Por que os entregadores de comida não nos matam?
O almoço veio de moto, como tem sido comum. Quando a comida saiu do restaurante, o aplicativo me enviou uma mensagem com o nome do entregador: Francisco Nogueira.
“De repente é primo.” Num instante, matutei sobre o homem que traria a minha boia. No instante seguinte, passou. Sempre passa, mais rápido do que uma 125 com escapamento aberto.
A massa de motociclistas a serviço das empresas de entrega é invisível para nós, clientes exilados dos restaurantes de patrão. Mas às vezes pensamos neles.
Pensamos neles quando o retrovisor é arrancado por uma moto à toda, entre as faixas de rolamento da avenida Rebouças.

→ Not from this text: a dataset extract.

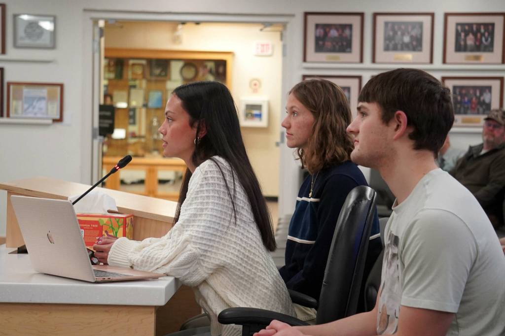 Among the first items on the assembly’s agenda on Tuesday — after approval of the agenda but before a series of reports, public hearings and testimony — was a presentation by the Soldotna High School Student Council. President Emma Glassmaker was flanked by members of the council’s executive board, Cammy Kincaid and Will Klein, in reporting to the council about this year’s first semester at SoHi.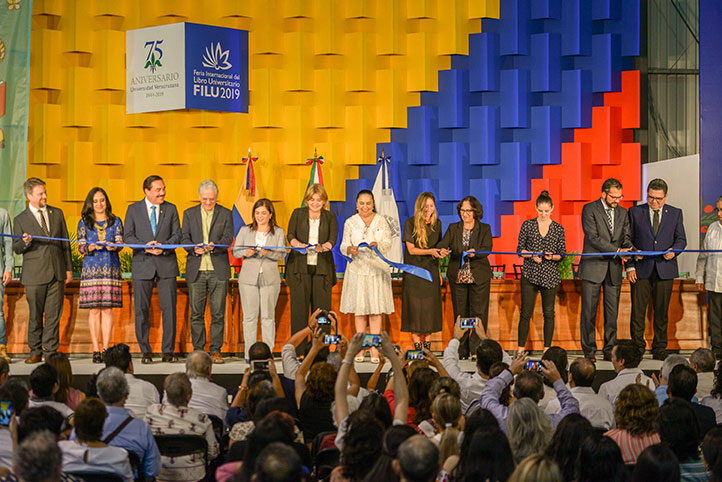 05/04/19, Xalapa, Ver.- La Feria Internacional del Libro Universitario (FILU) 2019 de la Universidad Veracruzana (UV) fue inaugurada por la rectora Sara Ladrón de Guevara y la embajadora del país invitado, Colombia, Patricia Eugenia Cárdenas Santamaría, además de autoridades universitarias, del gobierno del estado y municipal.

Pensamos neles quando a comida começa a demorar mais do que desejávamos.
Pensamos neles quando vêm dando grau –empinando a moto– pelo caminho, e o queijo derretido escorre todo para uma só banda da pizza.
Nas outras situações, somos indiferentes. Dá para ser pior.
Tome o pateta de camiseta azul que esfregou o indicador direito no antebraço esquerdo, para mostrar a pele branca, e disse ao motoboy do iFood: “Você tem inveja disso aqui, morou?”.
Foi no condomínio Vila Bela Vista, em Valinhos (SP), alguns meses atrás.
Nesta semana, veio à tona um episódio igualmente aterrador de racismo contra um entregador de comida em Goiânia.
O portador foi barrado na portaria do condomínio onde deveria fazer a entrega. Pelo aplicativo, a cliente mandou três recados à lanchonete.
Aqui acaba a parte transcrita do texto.